Sr Machine Learning Engineer
Job Description
Uber is seeking a Senior Machine Learning Engineer to develop and take ownership of models that drive membership offer relevance and messaging personalization across Uber and Uber Eats, including incentive targeting, budget-aware allocation, and personalized ranking and sequencing. This role spans the full model lifecycle, from offline evaluation through deployment, monitoring, and experimentation.
Role Focus
- Own end-to-end lifecycle of targeting and personalization models, including problem framing, data, training, offline evaluation, online experimentation, deployment, and monitoring.
- Develop heterogeneous treatment effect models to estimate incremental user impact of interventions.
- Create budget-constrained allocation systems that convert per-user uplift predictions into offer decisions under real constraints such as incentive budgets, variable contribution targets, cannibalization of full-price conversion, and per-surface frequency caps.
- Build personalized ranking and sequencing models for membership messaging across Eats and Mobility apps, balancing conversion with user experience and contention against non-membership content.
Responsibilities
- Partner with backend and platform engineers to productionize models in real-time serving paths and batch pipelines, ensuring production behavior matches offline performance.
- Collaborate across Product, Engineering, Data Science, Finance, and Marketing to translate business objectives into concrete ML problem statements.
Required Qualifications
- Bachelor's degree in Computer Science, Statistics, Economics, Operations Research, or a related quantitative field, or equivalent practical experience.
- 5+ years of experience building and shipping ML models that drive product or business decisions in production.

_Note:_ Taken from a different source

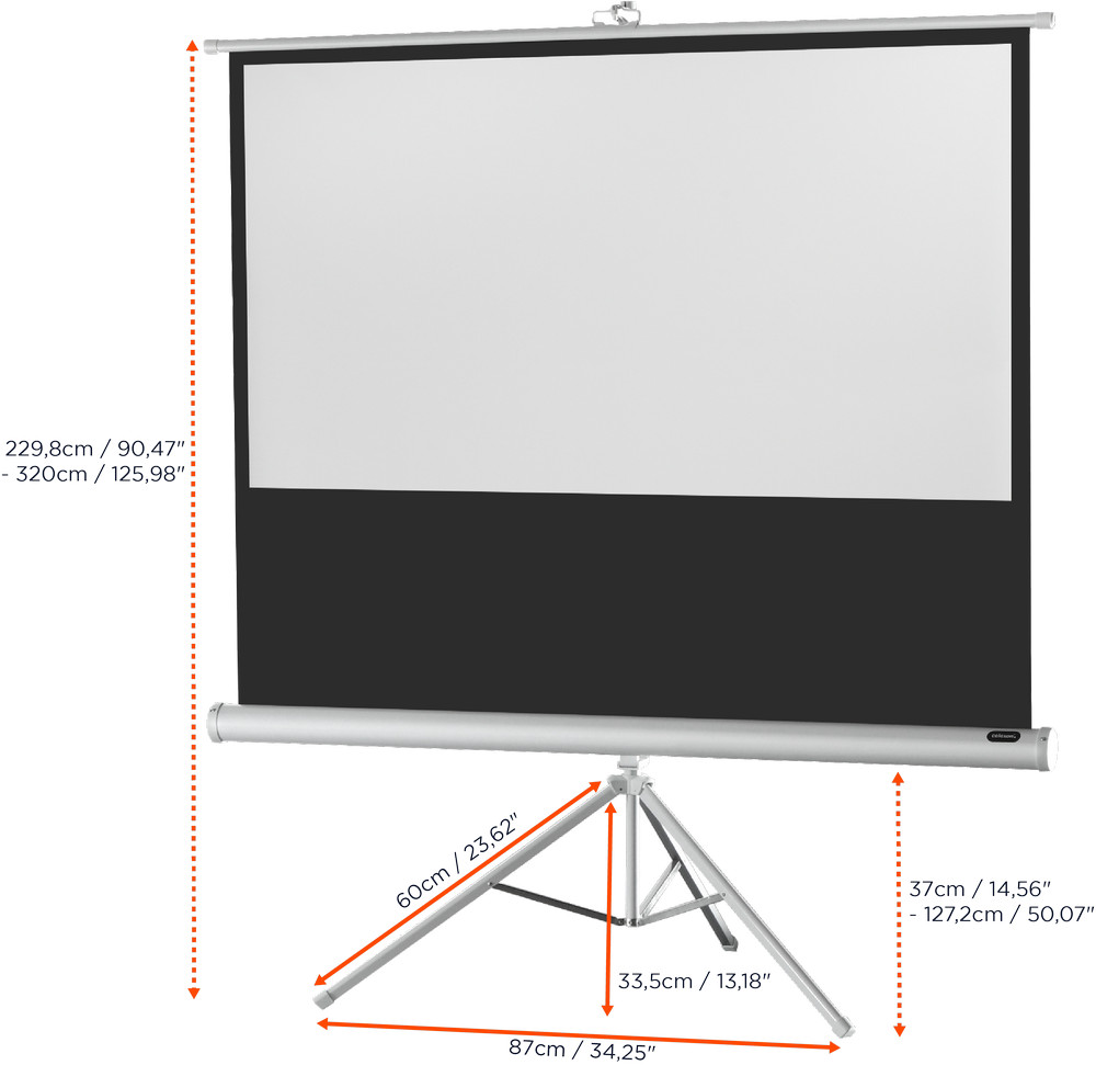 Aufgrund des robusten Dreibeinigen-Stativ-Fußes ist das Produkt für den täglichen Einsatz geeignet. Durch die automatische Tuchspannung während des Aufbaus, ist stets eine optimale Planlage gegeben.

- Strong proficiency in Python and modern ML frameworks including PyTorch and scikit-learn, plus XGBoost/LightGBM or equivalent.
- Strong SQL skills and hands-on experience with large-scale data processing using Spark, Hive, Presto, or comparable tools.
- Demonstrated experience with experimental design and analysis, including A/B testing, power analysis, variance reduction, and responsible interpretation of noisy results.
- Experience covering all model lifecycle stages, from notebook development through production pipelines, serving, monitoring, retraining, and deployment.
- Ability to explain modeling decisions and their business consequences clearly to technical and non-technical audiences.
Preferred Qualifications
- Experience training deep feed-forward models (MLP) for uplift estimation.
- Experience with constrained optimization for resource allocation, such as LP/MIP, Lagrangian duality, dual-price approaches, or bidding-style budget pacing.
- Experience with incentive, promotion, pricing, or discount targeting at consumer scale.
- Experience with contextual bandits or reinforcement learning for sequential decisioning.
- Familiarity with subscription businesses, including trial-to-paid conversion, retention curves, LTV modeling, cannibalization, and incrementality measurement.
- Experience leading technical direction across an ambiguous, cross-functional scope.
Technology Stack
- Python, PyTorch, scikit-learn
- XGBoost, LightGBM
- SQL
- Spark, Hive, Presto
Location and Compensation
Location: San Francisco, CA (onsite)
Salary: USD 202,000 - 224,000 per year
Base salary range (San Francisco, CA-based roles): USD $202,000 per year - USD $224,000 per year
Benefits
- Eligible to participate in Uber's bonus program; may be offered an equity award and other types of compensation.
- All full-time employees are eligible to participate in a 401(k) plan.
- Eligibility for various benefits.
Work Model
- Unless approved for full remote work, employees must spend at least 50% of their time in-office.
- Some roles, including those at greenlight hubs, require full-time in-office presence.
Equal Opportunity Employer
- Uber provides consideration for employment without regard to sex, gender identity, sexual orientation, race, color, religion, national origin, disability, protected Veteran status, age, or any other characteristic protected by law.
- Uber also considers applicants regardless of criminal histories, consistent with legal requirements.
- Applicants with disabilities or special needs that require accommodation should complete the accommodation form.